Earlier this year, the Florida Fish and Wildlife Conservation Commission declared it open season on lionfish. These exotic creatures were once the darling of aquarium hobbyists. But now lionfish are taking over marine environments along Florida’s East coast and state officials want them gone.

Although slowing down the destructive non-native, invasive species is probably a more realistic goal.

A red lionfish, floating in an aquarium, is a beautiful creature. With its waving, gauzy fins and long, stiff spines, it resembles a lion - a very small lion with different colored stripes.

Max Heffler, who manages Bio Reef Saltwater Aquariums in Jacksonville, says lionfish add stripes as they grow.

“The pattern is kind of a fingerprint that grows like rings on a tree and you end up with some very large, football sized, maize-covered, black-white-red, extreme finiage, floating, venomous beasts”, said Heffler.

Floating, venomous beasts are okay in an aquarium. But, University of North Florida Coastal Fisheries Biologist Eric Johnson says that swimming free in the Atlantic Ocean, lionfish are an economic, ecological, and environmental disaster.

“Some studies in the Bahamas have shown that basically a single lionfish on a closed reef can remove 70% to 80% of the biomass within just a few weeks”, Johnson said.  “It’s a perfect storm. I mean this is an animal that, it has basically all the traits that you don’t want to see in an invasive species.”

Those traits include the ability to eat fish half their size, to produce nearly 100,000 fertilized eggs a month and, Johnson says, to dazzle and confuse unsuspecting locals.

“It’s got these long thin rays and think spines that it can sort-of spread out and it uses those to herd fish into a corner or back them up against the reef”, Johnson said. “They can also squirt jets of water which can disorient and turn the prey around.”

Unfortunately, there’s nothing in the Atlantic, the Caribbean, or the Gulf of Mexico that hunts lionfish.

Amanda Nalley, with the state Fish and Wildlife Conservation Commission, said “Now there have been incidents of people saying, oh, they saw this type of fish eat a lionfish or they see a bird eat a lionfish and it does happen. But so far, we haven’t seen any significant predator that’s going after lionfish.”

Nalley says that could change, now that the state has lifted the restrictions on catching lionfish.

“Hopefully that’ll get more people in the water doing this”, Nalley said. “Hopefully that will mean more control of this invasive species.”

The question is: what do you do with a lionfish after you catch it?

“You can definitely spear the fish and leave it in the water”, Nalley said. “Some people will capture them and take them home and put them in their aquarium.”

Or you could eat them. UNF biologist Eric Johnson said, “Lionfish is actually plenty edible, despite the fact that their spines are poisonous. If handled correctly and handled well and filleted, the meat is actually pretty good.”
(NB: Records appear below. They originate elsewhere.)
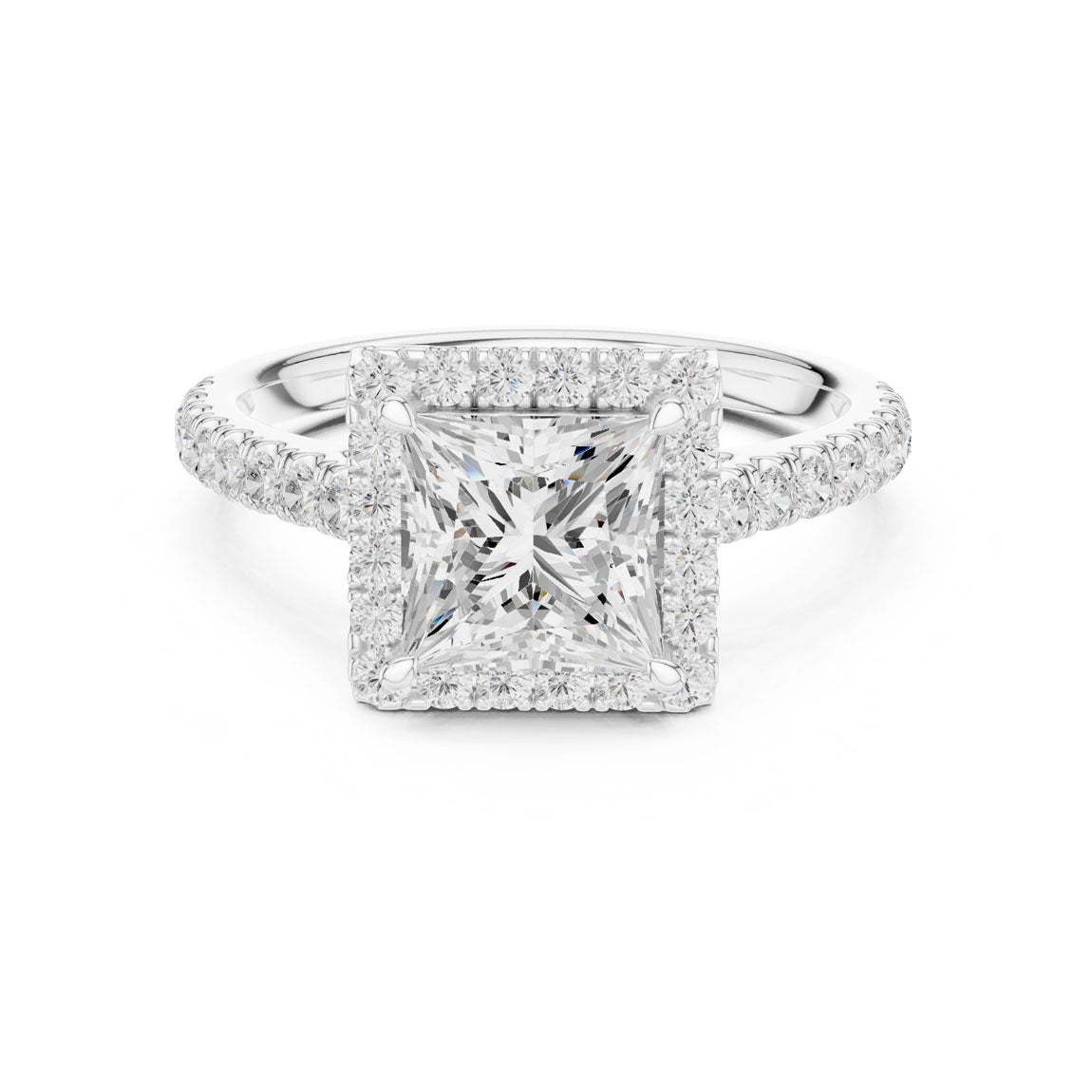 טבעת יהלום מרהיבה בעיצוב הלו סביב יהלום מרכזי בחיתוך פרינסס. היהלום המרכזי מתאפיין בקווים גיאומטריים חדים ובברק ייחודי, ומוקף בעדינות בשורת יהלומים קטנים המקיפים אותו מכל צד ומעצימים את הניצוץ. הזרוע הדקה והמעוטרת משלימה את המראה היוקרתי והאלגנטי, ליצירת טבעת על-זמנית מלאת עוצמה ונוכחות.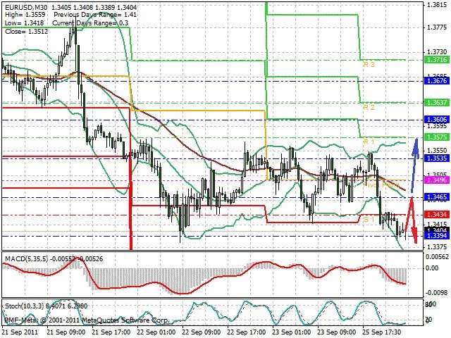 Předpokládaný pohyb pro dnešní den SHORT. Případné vstupy do obchodu z hladiny 1.3465 s předpokládaným cílem 1.3385, případně až 1.332. Proražení hladiny 1.3475 může vést k pohybu s pravděpodobným cílem 1.3575 až 1.363.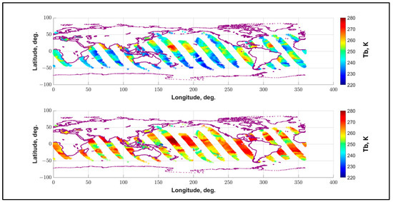 The third step of the procedure is the generation of theoretical (modeled) Tb values for both PMRs using the XCAL RTM, which is described in Section 2.1. Afterwards (step-4), the one-year match-up dataset of observed and modeled earth scene brightness is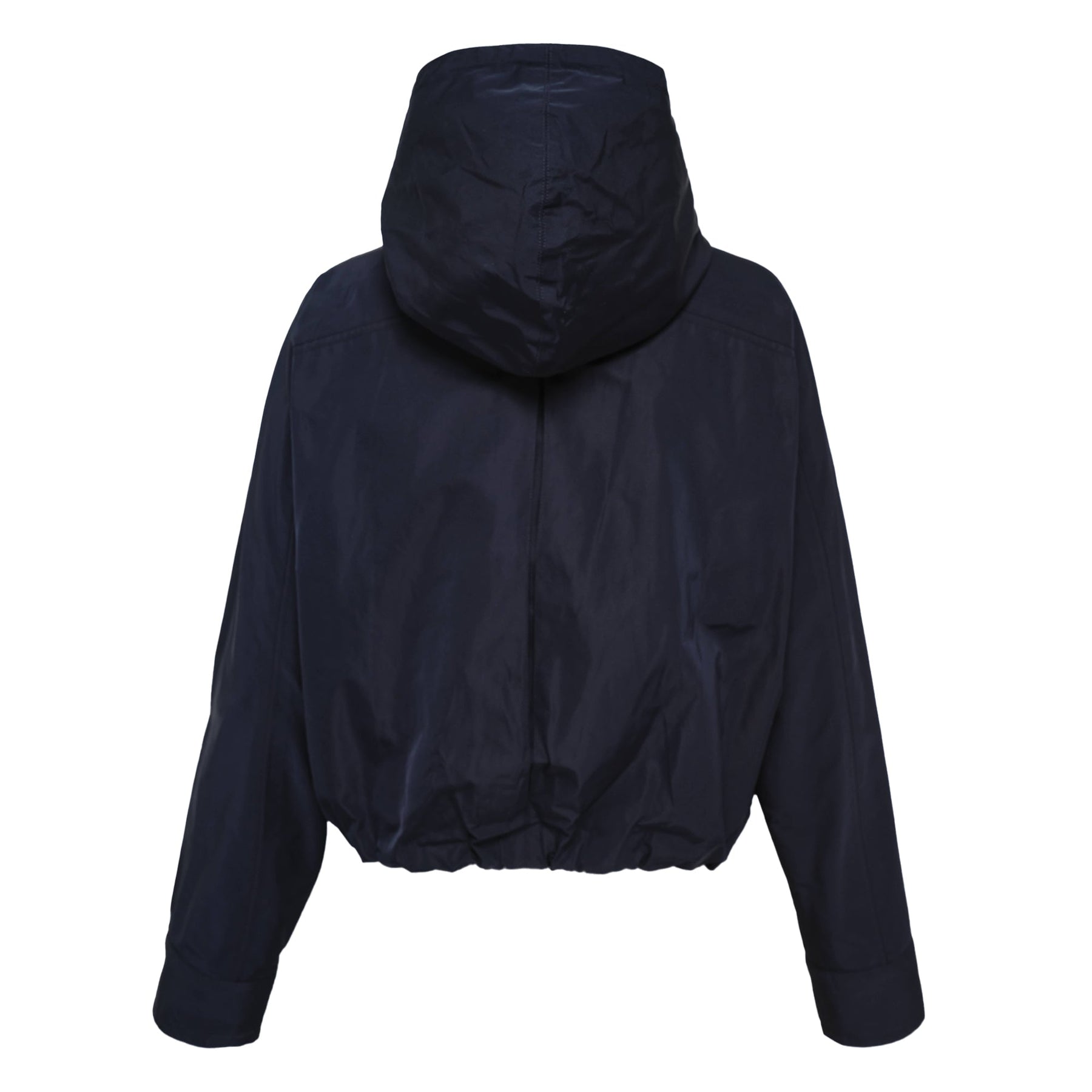 ALAIA Hooded Windbreaker Jacket delivers sophisticated weather protection with luxury fashion sensibilities. Crafted from premium navy polyester with a reversible black interior, featuring full zip closure and adjustable hood. The cropped silhouette and high-end construction elevate casual outerwear with signature ALAIA attention to detail.

You can find lionfish recipes in some cookbooks and online, or you can go to The Fish House Encore Restaurant in Key Largo where co-owner CJ Berwick says lionfish are on the menu some eight months out of the year.

“We don’t serve it filleted”, Berwick said. “There is such little fillet on a lionfish. We serve ours whole.”

Minus the spines, Berwick says.

“We bread them in cracker meal and deep fry them. And then we serve them standing up. The meat is delicious, but you don’t get much of it”, said Berwick.

One of Berwick’s little lionfish appetizers will set you back around $12. In the meantime, conservationists hope more people will develop a taste for the spiny creatures.